Product
Introducing Java Support in Socket
We're excited to announce that Socket now supports the Java programming language.
@dataform/core
Advanced tools
@dataform/core is a powerful tool for managing data workflows and transformations. It allows you to define data models, schedule data transformations, and manage dependencies between different data operations. It is particularly useful for teams working with large-scale data warehouses and ETL processes.
Defining Data Models
This feature allows you to define data models using SQL queries. The `table` function is used to create a new table, specifying its type, dependencies, and the SQL query that defines its content.
const dataform = require('@dataform/core');
const { table, ref } = dataform;
table('my_table', {
type: 'table',
dependencies: [ref('source_table')],
query: `
SELECT *
FROM ${ref('source_table')}
`
});
Scheduling Data Transformations
This feature allows you to schedule data transformations using cron syntax. The `schedule` function is used to define a scheduled task, specifying the cron schedule and the actions to be performed.
const dataform = require('@dataform/core');
const { schedule } = dataform;
schedule('daily_update', {
cron: '0 0 * * *',
actions: [
{ name: 'update_table', type: 'operation', query: 'CALL update_table_procedure();' }
]
});
Managing Dependencies
This feature allows you to manage dependencies between different data operations. The `ref` function is used to reference other tables or operations, ensuring that dependencies are correctly managed.
const dataform = require('@dataform/core');
const { ref, table } = dataform;
table('dependent_table', {
type: 'table',
dependencies: [ref('base_table')],
query: `
SELECT *
FROM ${ref('base_table')}
`
});
dbt (data build tool) is a command-line tool that enables data analysts and engineers to transform data in their warehouse more effectively. It is similar to @dataform/core in that it allows you to define data models and manage dependencies, but it also includes features for testing and documentation.
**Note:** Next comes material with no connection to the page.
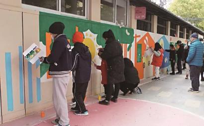 人民城市人民建,在暖暖睦邻巷的更新改造过程中,新泾镇积极践行全过程人民民主,听民声聚民智。据悉,为了扮靓停车棚,新泾镇此前通过“童绘征集卡”向社区孩子们发出邀请,请孩子们画下身边亲爱的邻居、写下给邻居的暖心话,最终收到了35份作品,有慈祥和善的老奶奶、有高大挺拔的香樟树、有憨态可掬的橘猫……这些画作经由设计师二次创作,形成了主题鲜明的巨幅彩绘。当天,小朋友们和家长一起在围墙上画下了他们身边亲爱的邻居,共同将停车棚外墙变身成为凝聚睦邻巷共同生活记忆的艺术景观墙。

Apache Airflow is an open-source platform to programmatically author, schedule, and monitor workflows. It is more general-purpose than @dataform/core, as it can be used for a wide range of workflow automation tasks beyond just data transformations.
Luigi is a Python module that helps you build complex pipelines of batch jobs. It handles dependency resolution, workflow management, visualization, and more. Like @dataform/core, it is designed for managing data workflows, but it is more focused on batch processing.
FAQs
Dataform core API.
The npm package @dataform/core receives a total of 4,604,750 weekly downloads. As such, @dataform/core popularity was classified as popular.
We found that @dataform/core demonstrated a healthy version release cadence and project activity because the last version was released less than a year ago. It has 0 open source maintainers collaborating on the project.
Did you know?
Socket for GitHub automatically highlights issues in each pull request and monitors the health of all your open source dependencies. Discover the contents of your packages and block harmful activity before you install or update your dependencies.
Product
We're excited to announce that Socket now supports the Java programming language.
Security News
Socket detected a malicious Python package impersonating a popular browser cookie library to steal passwords, screenshots, webcam images, and Discord tokens.
Security News
Deno 2.0 is now available with enhanced package management, full Node.js and npm compatibility, improved performance, and support for major JavaScript frameworks.